[What to work on]: Below, locate the line that contains "Figure 4: Myeloid". Repeat exactly from that line to the line that contains "由共青團(tuán)陜西省委", inclusive, leaving out the pictures.

[Given information]:

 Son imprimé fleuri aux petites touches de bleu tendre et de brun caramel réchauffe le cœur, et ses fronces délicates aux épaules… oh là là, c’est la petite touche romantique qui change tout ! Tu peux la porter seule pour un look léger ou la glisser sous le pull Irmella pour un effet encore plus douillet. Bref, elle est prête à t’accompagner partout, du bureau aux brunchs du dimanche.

---

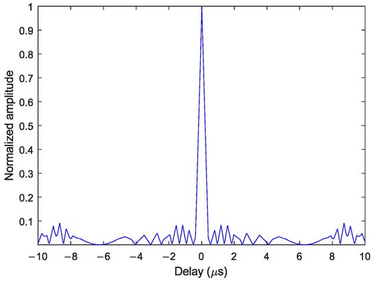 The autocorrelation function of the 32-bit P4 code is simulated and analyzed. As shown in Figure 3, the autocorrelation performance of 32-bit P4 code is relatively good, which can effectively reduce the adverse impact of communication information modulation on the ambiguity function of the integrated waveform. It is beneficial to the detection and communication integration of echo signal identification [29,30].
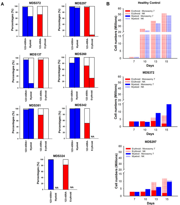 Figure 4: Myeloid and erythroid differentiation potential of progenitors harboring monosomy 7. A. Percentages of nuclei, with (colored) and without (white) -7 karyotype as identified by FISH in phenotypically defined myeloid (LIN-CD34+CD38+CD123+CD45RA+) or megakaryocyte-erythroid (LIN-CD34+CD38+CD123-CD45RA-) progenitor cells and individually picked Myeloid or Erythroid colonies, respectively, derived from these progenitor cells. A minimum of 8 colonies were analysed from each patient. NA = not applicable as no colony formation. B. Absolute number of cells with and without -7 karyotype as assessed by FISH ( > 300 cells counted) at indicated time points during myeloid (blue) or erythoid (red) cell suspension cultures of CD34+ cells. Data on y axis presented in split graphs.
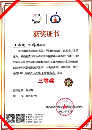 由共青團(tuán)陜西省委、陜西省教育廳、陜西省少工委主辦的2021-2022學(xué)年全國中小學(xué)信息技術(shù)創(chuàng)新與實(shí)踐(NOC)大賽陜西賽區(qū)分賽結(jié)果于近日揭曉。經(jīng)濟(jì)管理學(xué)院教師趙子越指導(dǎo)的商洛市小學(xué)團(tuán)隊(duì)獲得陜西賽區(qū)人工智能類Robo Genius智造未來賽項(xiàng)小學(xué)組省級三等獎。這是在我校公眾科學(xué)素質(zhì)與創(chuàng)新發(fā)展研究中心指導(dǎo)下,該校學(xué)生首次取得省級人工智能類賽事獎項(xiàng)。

[Written solution]:
 Figure 4: Myeloid and erythroid differentiation potential of progenitors harboring monosomy 7. A. Percentages of nuclei, with (colored) and without (white) -7 karyotype as identified by FISH in phenotypically defined myeloid (LIN-CD34+CD38+CD123+CD45RA+) or megakaryocyte-erythroid (LIN-CD34+CD38+CD123-CD45RA-) progenitor cells and individually picked Myeloid or Erythroid colonies, respectively, derived from these progenitor cells. A minimum of 8 colonies were analysed from each patient. NA = not applicable as no colony formation. B. Absolute number of cells with and without -7 karyotype as assessed by FISH ( > 300 cells counted) at indicated time points during myeloid (blue) or erythoid (red) cell suspension cultures of CD34+ cells. Data on y axis presented in split graphs.
 由共青團(tuán)陜西省委、陜西省教育廳、陜西省少工委主辦的2021-2022學(xué)年全國中小學(xué)信息技術(shù)創(chuàng)新與實(shí)踐(NOC)大賽陜西賽區(qū)分賽結(jié)果于近日揭曉。經(jīng)濟(jì)管理學(xué)院教師趙子越指導(dǎo)的商洛市小學(xué)團(tuán)隊(duì)獲得陜西賽區(qū)人工智能類Robo Genius智造未來賽項(xiàng)小學(xué)組省級三等獎。這是在我校公眾科學(xué)素質(zhì)與創(chuàng)新發(fā)展研究中心指導(dǎo)下,該校學(xué)生首次取得省級人工智能類賽事獎項(xiàng)。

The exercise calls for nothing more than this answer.